21 October 2021


I popped into a charity shop this morning to donate some things and the young woman serving thanked me for wearing my mask.  She was wearing one herself as it was company policy for all staff to wear one.  Customers were advised to wear one but not obliged to do so and staff were not allowed to insist on it as since mid July government guidance is that it's up to the discretion of each individual.  My observation is that it's mainly the older people still wearing masks and most people are going without.  

Everyone was wearing a mask at this vide grenier at Azay-sur-Cher on 5th September.

In France, at the time when we left four weeks ago to come back to the UK, the wearing of masks was still mandatory in shops and other public places including markets.  In Loches on market day there were gendarmes on patrol checking that everyone was wearing a mask and wearing it correctly, pointing out to people that it has to cover the nose as well as the mouth.  In restaurants we had to show our "pass sanitaire", a digital record of having both vaccinations, before being allowed to enter or even eat outside.  We felt very safe.

Back in the UK we feel nervous.  The graph above shows that the situation worsened here very soon after the easing of restrictions.

I heard a politician talking today on the radio, saying that numbers of infections appear lower in other countries because they aren't testing as many people.  That may or may not be true but the numbers of deaths are presumably more reliable and we are still at the top of the league table in Europe.  I get the feeling that in the UK the idea that we have to "live with the virus" has turned into a perception that a number of deaths is acceptable and, worse still, because it's mainly the old and vulnerable (and the unvaccinated) that are succumbing to the disease, that's fine.  As if these people don't really count.  Two plane crashes a week is what they amount to, at the moment.

I heard an expert in human behaviour relative to health issues putting a very good case for why wearing a mask, social distancing and hand washing are still the way out of this mess because vaccinated people still get the virus and still spread it.  It's just that if they're lucky they don't get very ill or die.  They just pass it on to those that will.  The success of the vaccine programme is effectively wasted if the disease is still spreading and gives people a false sense of security (the I'm alright Jack effect).

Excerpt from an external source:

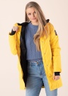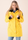 See, imekena, naiseliku lõikega, kehasse hoidev Five Seasons parka Gisella on ideaalne ettearvamatute kevad – ja sügisilmadega kandmiseks, pakkudes kaitset ootamatute sademete ja jahedate tuuleiilide eest. BIONIC-FINISH ECO tehnoloogia annab vee- ja mustusehülgavuse, hoiab värvid kauem värsketena, võimaldab kangal kiiresti kuivada, kannatab hästi ka aktiivset tegutsemist, on hingav, lisaks ilmastiku- kui ka pesemiskindel. Toote õmblused on teibitud, piiramaks niiskuse tungimist sisemusse ning tagades tuultpidavuse. Vetthülgavus on 5000 mm ning hingavus 3000 g/m2/24h. Eest kinnitub see kõrge, püstise kaelusega parka tõmblukuga, mida kaitseb trukkidega suletav katteliist. Kapuuts omab sisemuses hubast, fliisja puudutusega voodrit ning on reguleeritav pingutuskummi ja stopperitega. Külgedel asetsevad magneetilist kinnist omava klapiga ning tõmblukuga kindlustatud taskud, kus on mugav hoida olulisi esemeid välitingimustes viibides. Käiste otste randme ligi hoidvust on võimalik mugavalt kohendada krõpskinniste abil. Rinnal ning ülaseljal paikneb minimalistlik tikitud logo, tagakülje alaosa ilmestab tagasihoidlik väljalõige. Jope sisemust vooderdab libedam polüestervooder ning pihaosa on võimalik reguleerida pingutuskummiga. Õrn soojustus hoiab kandja soojas ka jahedama ilma korral. Modelli pikkus on 169 cm ning kannab suurust 36. Parka pikkus on turjast alaservani 87 cm. Materjal: pealispind, vooder, täidis polüester 100%. Värv: kollane.

Are we taking bets on for how much longer the buffoon in number 10 will carry on pretending things are going well, that we are getting back to normal - and when he will suddenly decide to "follow the science", listen to the experts and restore sensible safety measures to being mandatory instead of advisory?

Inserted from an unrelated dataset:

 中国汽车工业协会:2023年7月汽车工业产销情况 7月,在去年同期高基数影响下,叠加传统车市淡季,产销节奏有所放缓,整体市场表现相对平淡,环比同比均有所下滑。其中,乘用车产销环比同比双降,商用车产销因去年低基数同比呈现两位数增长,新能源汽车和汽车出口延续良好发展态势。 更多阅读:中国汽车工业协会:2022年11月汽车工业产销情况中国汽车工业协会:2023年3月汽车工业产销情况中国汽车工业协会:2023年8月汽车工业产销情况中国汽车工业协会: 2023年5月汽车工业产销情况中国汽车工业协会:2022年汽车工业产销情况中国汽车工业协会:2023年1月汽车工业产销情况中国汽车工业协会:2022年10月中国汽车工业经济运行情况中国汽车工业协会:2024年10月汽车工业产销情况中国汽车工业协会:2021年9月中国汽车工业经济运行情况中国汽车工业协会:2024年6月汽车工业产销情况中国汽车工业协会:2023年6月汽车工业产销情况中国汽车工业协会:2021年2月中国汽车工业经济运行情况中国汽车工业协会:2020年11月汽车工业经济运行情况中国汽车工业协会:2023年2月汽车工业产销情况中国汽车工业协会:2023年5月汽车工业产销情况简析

  1. I'm going to a funeral tomorrow of a man who was in his 80s. I shall definitely wear my mask in church. There will be a lot of people there who will be strangers, and nobody from my 'regular' group of people. And I will not hug or shake hands. Which will be hard, but I think it is necessary.
    I'm fed up with no 10 telling us they do not need to implement their 'Plan B' yet. I keep humming Blowin in The Wind to myself [and how many deaths will it take till they n=know that to many people have died?]

    1. The govt has cleverly shifted the onus onto the public to do the right thing instead of making simple measures mandatory. That way they can blame the public for things going the wrong way. It's sad that it seems that too many people work on the old "I'm alright Jack" principle but hardly surprising.

  2. Likewise. I'm someone who is immunosuppressed, I know that my double vaccination and indeed my booster jab when, I get it, probably give me no useful protection. I am reliant on other people being careful which means I am still isolating because of the lack of mask wearing. The toll on lives, families and NHS staff is appalling.

    1. Kirsten, see my reply to Angela above. The basic safety measures have been accepted in France and are working so they could work here. Sadly I think the govt has dug itself into a hole where it will take many, many more deaths before there will be another u-turn and you can bet Boris will find a way to blame it on others and/or distract from it somehow. (The way the pandemic has been blamed for and distracts from the impact so far of Brexit.) Now that those that don't care much about their fellow citizens have had a taste of their "normal" it will be harder to enforce any measures. Making a promise to remove all restrictions on 19th July come what may has to be one of Boris's most reckless mistakes. Not doing anything about it for so long is even more reckless.